Brace yourself. If this scenario happens, the orange-skinned parrot will be squawking, "Hoax! Fraud! Rigged! Hoax! Fraud! Rigged! Awwkkk!"
How a 'blue shift' in mail ballots might set off election week chaos
Reuters, Sep 8 2020
When polls closed in Arizona's Senate race in November 2018, initial results from in-person voting showed Republican Martha McSally in the lead. Her advantage evaporated in the days that followed with the tallying of postal ballots. "Electoral corruption - call for a new election?" President Donald Trump posted on Twitter at the time. His suggestion had no effect, and McSally conceded to Democrat Kyrsten Sinema six days after election day.
A similar "blue shift," with blue representing Democrats, could play out in the November 3 Presidential election, with the Republican Trump ahead in early returns and Democrat Joe Biden emerging as the winner in the days that follow. Nearly half of Democrats say they plan to vote by mail, while only one quarter of Republicans plan to do so. Demand is driven in no small part by fear of infection from the coronavirus in public. Counting mail ballots is often slower because officials must open thick envelopes, verify the ballots and validate voters' identities, compared with the simpler, speedier process at a polling center where voters cast ballots in person.

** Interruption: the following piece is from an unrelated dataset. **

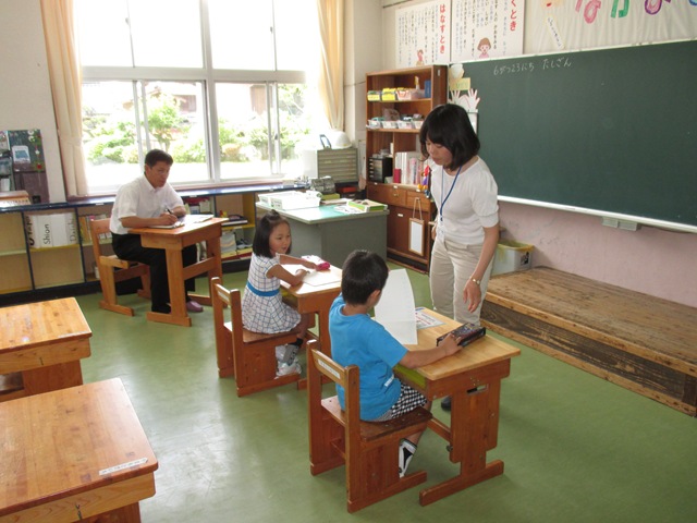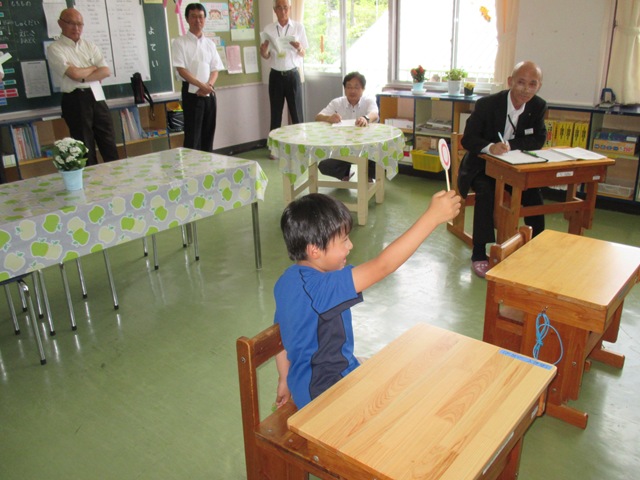 子どもが先生を見つめる目,先生に投げかける言葉から,子どもと先生との好ましい信頼関係が伝わってきました。子どもが,黒板に,式から答えまできちんと書いていました。ノート指導もしっかりとできていて,日々の指導の確かさも伝わってきました。

Biden's campaign is bracing for Trump to complain the contest is being stolen as the lead shifts, say people close to the Biden campaign. Even some Republicans worry that Trump might exploit the uncertainty to cast doubt on the results if he ends up losing. "The longer it takes to count absentee ballots, the more the narrative will take hold among Trump supporters and will be their 'proof' to question unfavorable election results," said Dennis Darnoi, a Republican strategist based in Michigan, a state Trump won by less than a percentage point in 2016. Trump repeatedly makes unfounded claims that mail voting leads to fraud, even though multiple studies show voter fraud in the United States to be extremely rare.